Sophia
Sophia was born on 10/05/2020 and until the day she was born we had no idea she had any medical complications. A few hours after she was born she was taken to special care because the midwife had suspected something wasn’t quite right. From here on in everything spiralled. She had a heart scan at Airedale hospital and was transported to Leeds General Infirmary urgently and was placed on a ventilator while they carried out investigations. After several investigations it was uncertain if there was anything that could be done as Sophia’s heart was very complicated. She was christened at 2 days old in hospital.

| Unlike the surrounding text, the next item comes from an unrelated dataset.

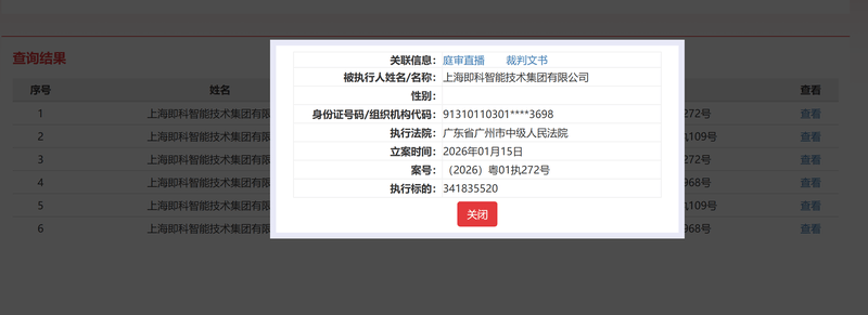 今年1月,即科集团被广东省广州市中级人民法院列为被执行人,执行标的达3.42亿元。3月,即科集团再次被广东省广州市中级人民法院列为被执行人,执行标的90.32万元。

The next day we heard that there was some hope that they would be able to operate and at 4 days old she went in for 13 hour open heart surgery. From here there was many complications and Sophia remained on a ventilator for 8 weeks after getting chylothorax which filled her lungs. 2 weeks after Sophia’s open heart surgery I was taken to a room (on my own due to Covid so I had to deal with everything on my own) and informed that they had noticed she had a missing thymus in surgery which prompted them to check for DIGeorge syndrome and the tests came back confirming that she did. At this point I had never heard of the syndrome and found myself on Google which brought up so many horror stories I was left heartbroken again and terrified (I have since learnt not to trust the information found on Google).
After spending the first 3 months of her life in hospital we finally came home and Sophia met her big brother officially for the first time. Sophia came home with an NJ feeding tube due to severe reflux and aspiration. Her face was so sore due to an allergy she has to any tapes. She ended up having surgery in October 2020 to have a GJ tube placed (this has been so much better for her). She is half fed in to her stomach and half fed in to her intestines currently and we are working to reduce J feeds. We are also working on oral feed however, not having a great deal of success as she is not interested and it’s unclear if her swallow is completely safe.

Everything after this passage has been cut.